As A-level juggernaut rolls on, is it really ‘university or apprenticeships’?

aslevelsWith A-level results announced earlier in the day, UCAS reported 409 000 successful university placements –   up 3% against A level results day in 2014 and including 362,000 students accepted to their first choice. The 5% increase in 18 year olds and a 2% growth in those 19 has been at the expense of older students. There’s also been a fall in those registering as part-time students.

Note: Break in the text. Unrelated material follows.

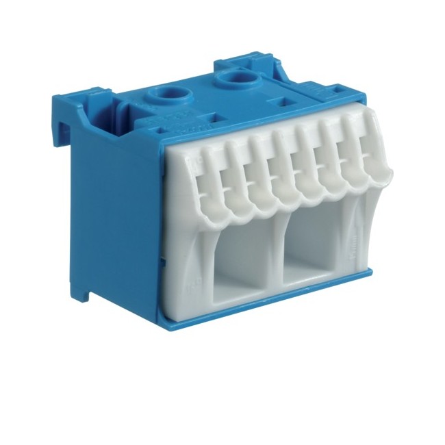 Bornier neutre sanvis 8x4mm2 + 2x25mm2, 63A. Les borniers sont équipés à la fois de bornes SansVis à enfichage direct pour des câbles de 1,5 à 4mm² et de bornes à cages pour le raccordement de câbles de toutes sections de 1,5 à 25mm².
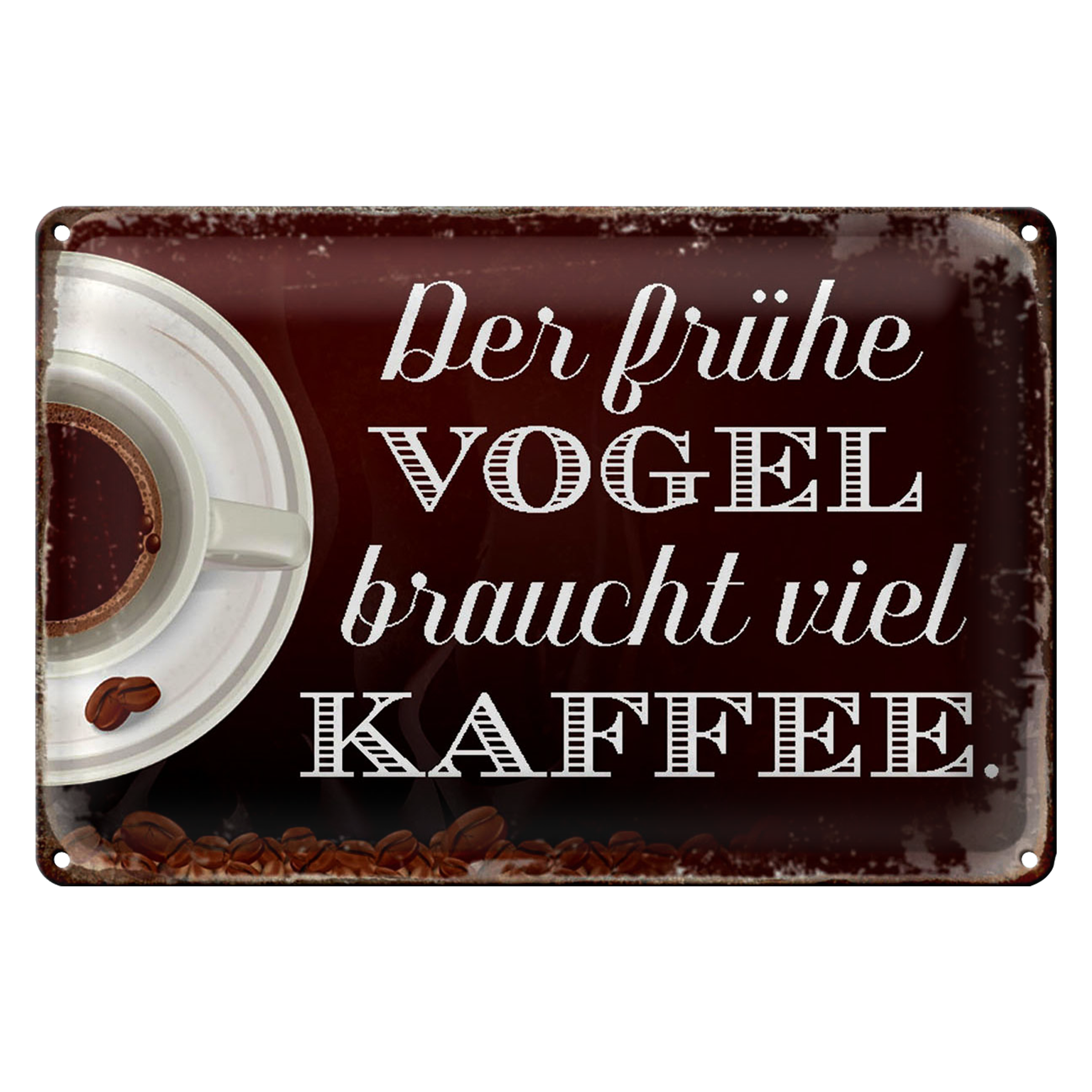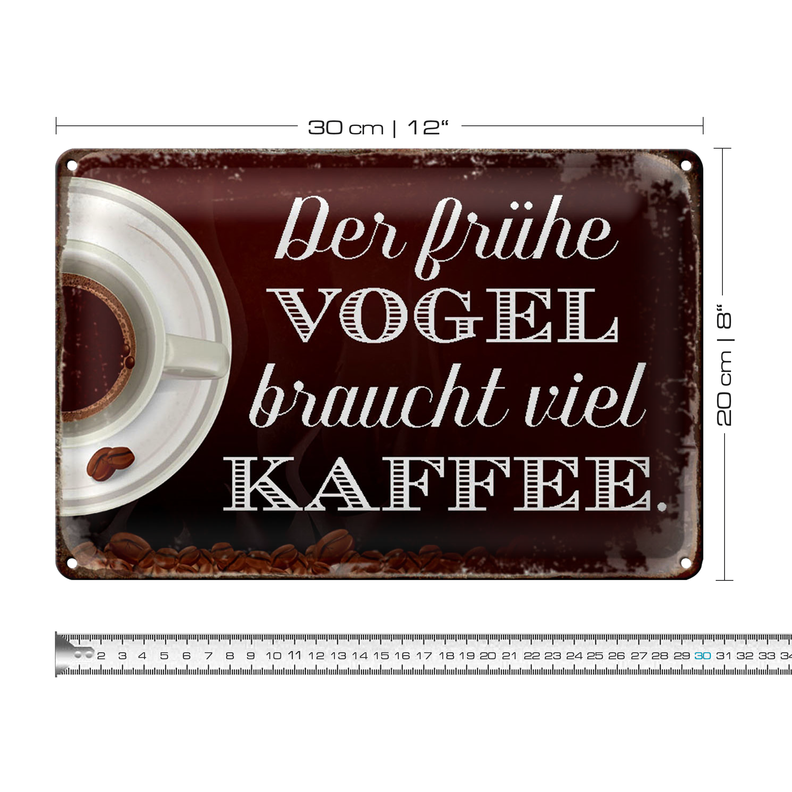 Blechschild Spruch 30x20cm früher Vogel braucht viel Kaffee

These increases have been helped by the removal of the admissions cap as universities increasingly chase students, but they also confirm that, despite the fees and despite new plans to axe maintenance grants for the less well off, what used to referred to as the ‘academic route’ is, at least in the eyes of young people, increasingly the only route that provides at least some security in a world of precarious employment and the ‘graduatisation’ of even routine jobs.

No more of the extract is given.